This is one of those cases where I wish the standard were a little more specific. As written, if the
scale() operation underflows, then the processor could initiate WWIII. I would like the consequences to be a little more confined than that. That clause could mean that the result is undefined in the same way that the equivalent multiplication operation
(X*B**I) is undefined when underflow occurs. That is, it could be set to 0.0 (as I would want in the case we are discussing), or it could signal an error. I would not want this operation to result in some random bit pattern with no warning, or start WWIII, or anything like that.
Here is a program that tests the original problem with all possible floating point numbers.
! compute the safe mean of two values that avoids overflow and unnecessary underflow.
real :: x, y, t, a
character(*), parameter :: cfmt='(*(a,1x,es15.8,1x))'
x = -huge(x)
t = nearest(x,1.0)
y = nearest(t,1.0)
a = safe_mean2(x,y)
if ( a .ne. t ) then
write(*,cfmt) 'error for x=', x, 't=', t, 'a=', a, ' y=', y
error stop 'error detected'
if ( y == huge(x) ) exit
x = t; t=y;
y = nearest(t,1.0)
write(*,cfmt) 'No errors detected'
function safe_mean2( x, y ) result(a)
real :: a
real, intent(in) :: x, y
integer :: k
intrinsic :: max, exponent, scale
k = max( exponent(x), exponent(y) )
a = scale( (scale(x,-k) + scale(y,-k)), k-1 )
end function safe_mean2
end program mean2
I have verified that this works for a few combinations of compilers and with various compiler options. However, with ifort it fails.
error for x= -1.17549449E-38 t= -1.17549435E-38 a= 0.00000000E+00 y= -1.17549421E-38
This is when
y=-tiny(x), and the problem does seem to trace back to corner cases of
scale() where the exponent changes from -125 to -126.
gfortran does not fail in this case, but it does seem to step through all of the denormal values between
-tiny() and 0.0, which I was not expecting. I was rather expecting
nearest(-tiny(x),1.0) to step over the denormals and go right to 0.0.
At least the undefined behavior did not start WWIII when I ran the program.
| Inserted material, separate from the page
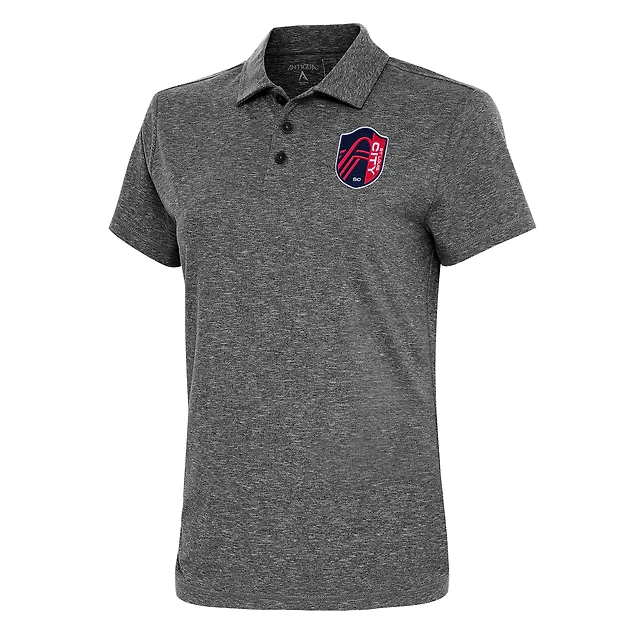 Women's Antigua Heather Black St. Louis City SC Motivated Polo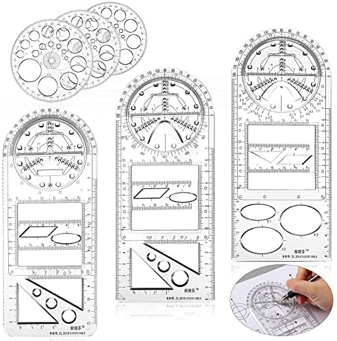 • 6 Pieces Multifunctional Geometric Ruler Newly Drawing Template Measuring Tool Mathematics Drawing Ruler Plastic Draft Rulers Architecture Rulers for School Student Teacher Artist Office Supplies

 A little experimentation reveals the following.
$ ifort -fp-model precise mean2.F90 && a.out
No errors detected
The problem without the option seems to be that the
nearest() function moves through the denormal numbers between -tiny(x) and +tiny(x), but the
scale() function flushes the denormals to zero. With the option,
nearest() does the same thing, but
scale() changes its behavior and produces denormal numbers (the correct ones, apparently).
This behavior of nearest() is a little surprising. I would have expected
nearest(-tiny(x),1.0) to be
0.0, and then I would expect
nearest(0.0,1.0) to be
tiny(x). That is, I would have expected
nearest() to skip over the denormal numbers.